Black, whose parents were Holocaust survivors, started his research when he went to the U.S. Holocaust Memorial Museum in Washington, D.C., and saw an IBM machine on display with no context. He gathered about 50 researchers to determine what the IBM machine had to do with the Holocaust, and found that Watson and IBM were heavily involved in the mass genocide.

“The evidence was that Thomas J. Watson consciously micromanaged all six phases of the Holocaust from his offices in New York, and through his overseas subsidiaries,” Black said.

Black argued that without Watson’s organization technology, developed by IBM, the six phases of the Holocaust — identification, exclusion from society, confiscation of assets, ghettoization, deportation and extermination — couldn’t have been carried out as efficiently.

According to Black, Watson and IBM worked to develop punch cards for the German military. These punch cards stored information by running them through a reader, which detected each row and column with a hole. Information on the cards included religion, gender, levels of health, location and occupation. Additionally, each card had a number — the same numbers tattooed on prisoners in Nazi concentration camps.

The cards were used to track people and goods faster and more efficiently than ever before. During his presentation, Black highlighted documents and letters between Watson and high-ranking officials of the German military that implied Watson understood the mass genocide his technology was facilitating.

Michael Harel, a junior double-majoring in history and psychology, wrote an opinion piece in Pipe Dream on Oct. 9, 2017, advocating for Binghamton University to change the name of the Watson School of Engineering. He cited Black’s book in his column, and Black said that Harel’s article was one of the reasons he decided to speak at BU. According to Harel, Watson’s actions do not conform with the ethics taught at the engineering school.

“It is custom to name buildings, roads, monuments and the like after people we idolize,” Harel wrote. “People whose actions we seek to emulate and whose legacies we wish to cement into history. We must decide which values we stand for.”

Binghamton University said in a statement that Black’s lecture didn’t necessarily tell the whole story.

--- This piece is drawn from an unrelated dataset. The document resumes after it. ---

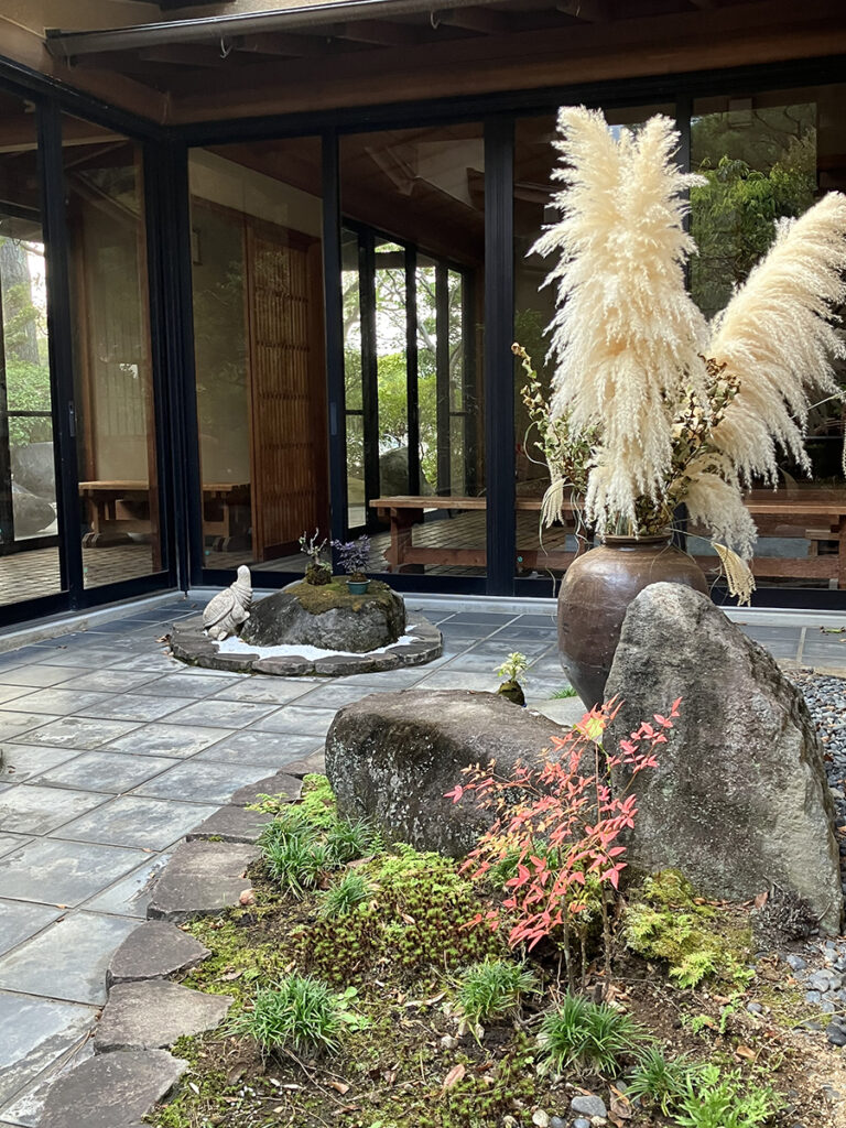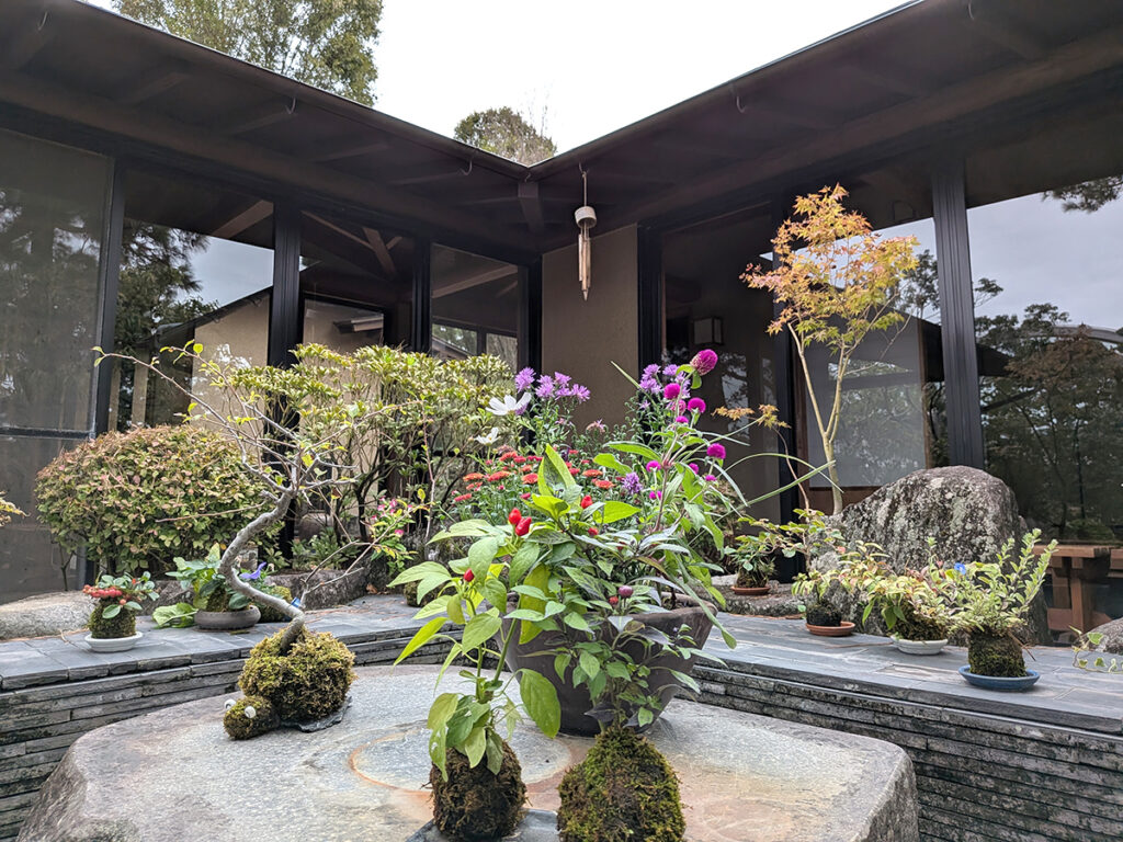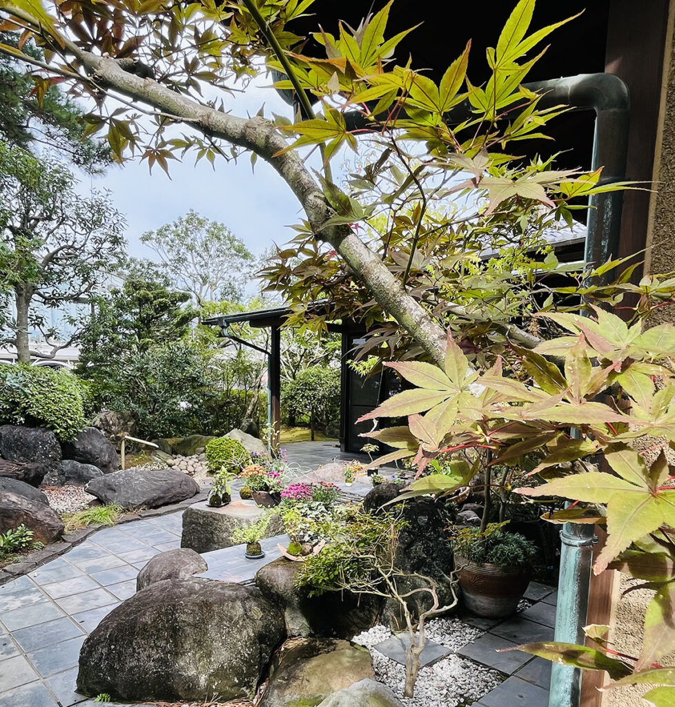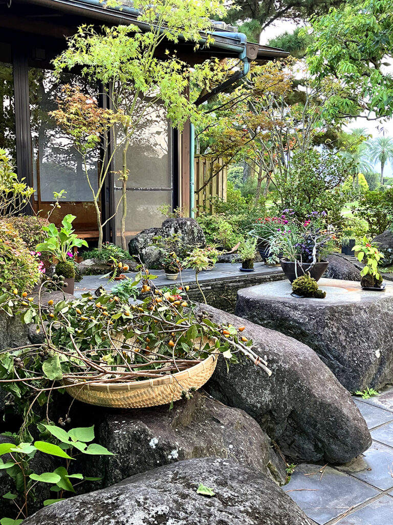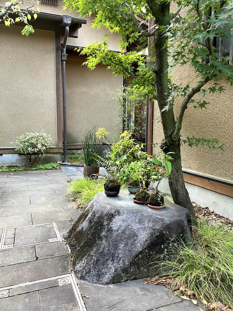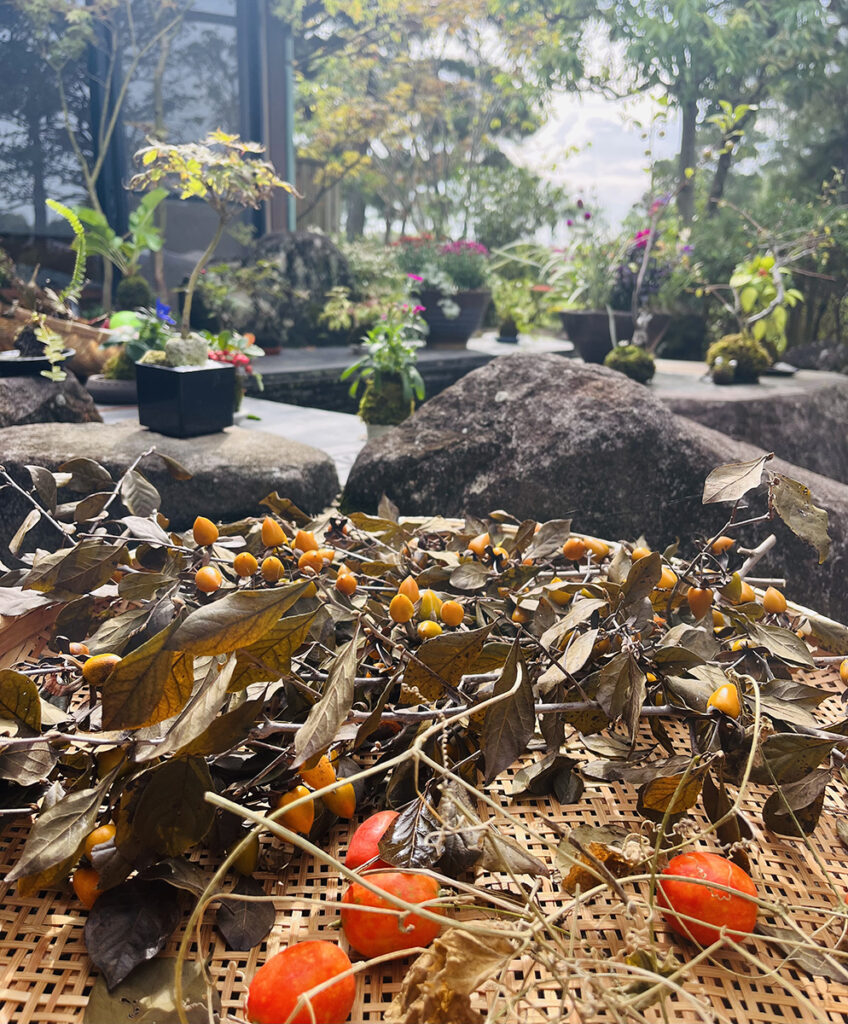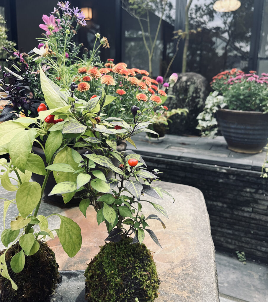 苔をはじめ緑を基調とした庭の中にある、 静かで小さな実物の苔玉、落ち着きがある寄せ植え、食の装飾品などがみどころです。

“Binghamton University does not take the position that Watson or IBM was without their faults,” the statement read. “However, most academic historians do not believe that Watson or IBM bears the responsibility Edwin Black, a popular writer, has assigned them. Nor do we think that the namesake solely defines the Watson School’s accomplishments and reputation since its founding.”

Cristian Valle, a senior majoring in environmental studies, heard about the event from Kelvin Santiago-Valles, a professor of sociology at the University. Valles said the event was informative and helped him develop an opinion on the issue.

“It’s pretty messed up,” Valles said. “I really didn’t know [about it] so it’s eye-opening. [I] would like to see it changed.”